PhotoScape X is a relative newcomer when compared to photo-editing veterans like Photoshop Elements, but this free app has proved popular with many users on both Macs and Windows PCs. It’s also quite unusual, as it completely ignores the traditional interface design of most of its photo-editing rivals.
Instead of tool bars and palettes, PhotoScape X displays its main editing window with a series of tabs running along the top of the window. Each tab focuses on a specific task, starting with the Viewer tab that provides a quick preview of an entire folder of photos at once.
You can then select a specific photo that you want to work on and switch into the Editor tab. This includes a wide range filters, effects and lighting controls, with a handy ‘Compare’ button that shows ‘before’ and ‘after’ versions of your photos. You can also tidy up your photos using options such as red-eye removal, and a ‘healing’ brush to eliminate scratches and other blemishes.

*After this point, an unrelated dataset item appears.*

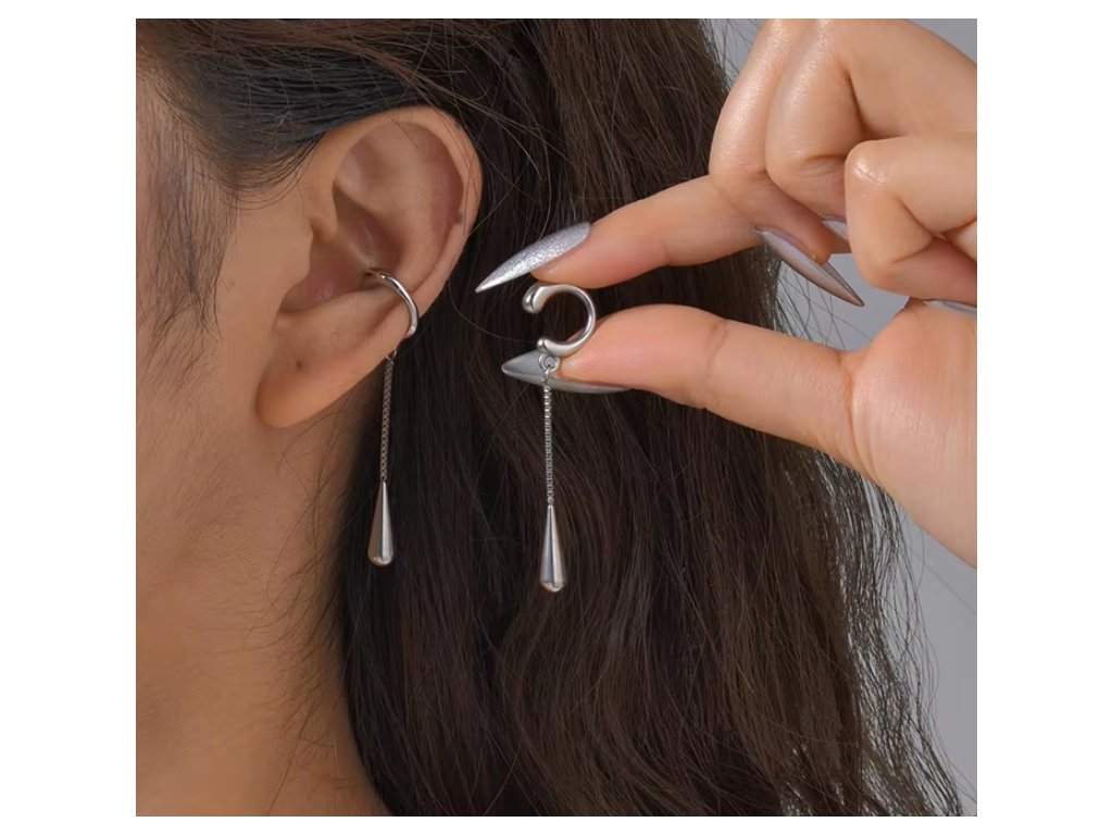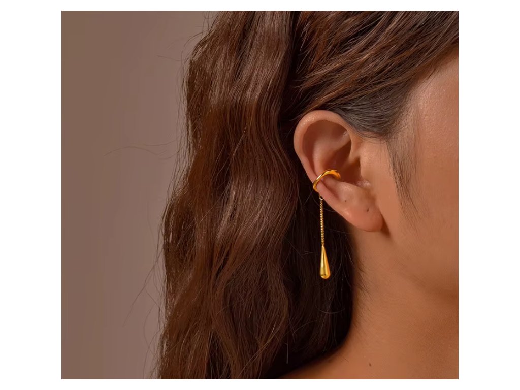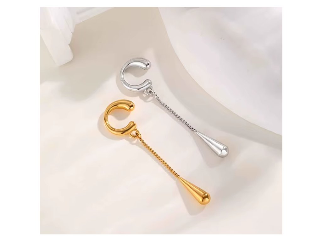 Tato originální náušnice klips na jedno ucho je vyrobena z kvalitní nerezové oceli a zaujme minimalistickým, ale výrazným designem. Jemný řetízkový přívěsek dodává náušnici elegantní pohyb, zatímco kapka na jeho konci vytváří zajímavý detail. Náušnice je dostupná ve dvou barevných variantách a je ideální volbou pro moderní styling i výrazný módní akcent.

The other tabs at the top of the editing window tend to focus on working with multiple photos, including the Batch tab, which allows you to crop, resize or apply effects to a whole group of photos all at once. We also like the GIF tab, which allows you to quickly combine a series of photos into an animated GIF for use on the web.
One area where PhotoScape X does fall short is with its rather limited selection tools – which means that you generally have to apply edits and effects to an entire photo rather than selected areas within an image. There is a Pro version of the app available as an in-app purchase that provides additional editing tools for £38.99/$39.99, but that seems a little pricey when compared to affordable rivals such as Pixelmator.
You can download it from the Mac App Store.